The defendants’ applications were refused. The court found that there were no very strong or exceptional grounds for granting a stay of proceedings. The defendant companies had made a bargain that they would not seek to argue that England was not an appropriate forum in which to bring proceedings and there was no convincing reason why the defendants should be able to go back on their contractual bargain and obtain a stay.

Key Points

  • The case clarifies whether a non-exclusive English jurisdiction clause combined with an FNC waiver completely precludes any application for a stay on grounds of FNC: a stay of proceedings can be granted where appropriate, if there are exceptional grounds for doing so.
  • The grounds relied upon when asking the court for a stay must have been unforeseeable at the time of entering into the agreement. A stay will not be granted if parallel proceedings were contemplated by the parties, even if the parties did not contemplate the particular proceedings that in fact ensued.
  • An important issue that the court took into account in reaching its decision in this case was that none of the issues in the English proceedings had yet been determined by the courts in Tanzania [4]. It was therefore not contrary to the objective interests of justice to allow proceedings to continue in England.

WM Comment

This case is another recent example of the importance of a well drafted jurisdiction clause. Jurisdiction disputes can be complex, time-consuming and costly – not to mention the fact that they represent distraction and delay when it comes to resolving the substantive issues in any commercial dispute. To avoid this before the main fight even begins, it is particularly crucial that contracting parties get their drafting right when they agree to the inclusion of a non-exclusive jurisdiction clause combined with an FNC waiver, as such clauses will be open to challenge should litigation arise and the issue of the most appropriate forum come into question. For certainty, parties may wish to ensure that any agreement contains an exclusive jurisdiction clause to prevent any party from bringing proceedings in a forum other than the one stipulated in the contract.
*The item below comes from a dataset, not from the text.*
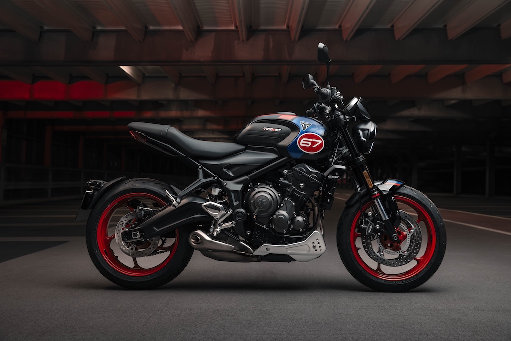 Chiếc Trident Triple Tribute năm 2024 có sự khác biệt nhờ thiết kế có nhiều chi tiết màu trắng, tuy nhiên cả hai phiên bản đều có số 67 - giống với số của xe đua Slippery Sam ban đầu. Đối với năm 2025, bộ vành 17 inch tiêu chuẩn có màu đỏ đậm để phù hợp với bảng số nêu trên. Do dựa trên cơ sở Trident 660 2025, nó đã có giảm xóc 'piston lớn' SFF-BF của Showa. Trident 660 hiện sở hữu công nghệ hàng đầu phân khúc.

If you have any queries in relation to the jurisdiction provisions in your commercial contracts – whether those already in place or those under negotiation – please contact Walker Morris’ Commercial Dispute Resolution team.


[2] Standard Chartered Bank (Hong Kong) Ltd and another v Independent Power Tanzania Ltd and others [2015] EWHC 1640 (Comm)
[3] The court cited Cuccolini SRL v Elcan Industries Inc [2013] EWHC 2994 (QB)
[4] The court considered the case of Spiliada Maritime Corp v Cansulex Ltd [1987] AC 460, which listed certain factors to be taken into account when deciding whether it would be contrary to the interests of justice for a stay to be granted. A lack of duplication of issues considered as between Tanzania and England and Wales was one such factor.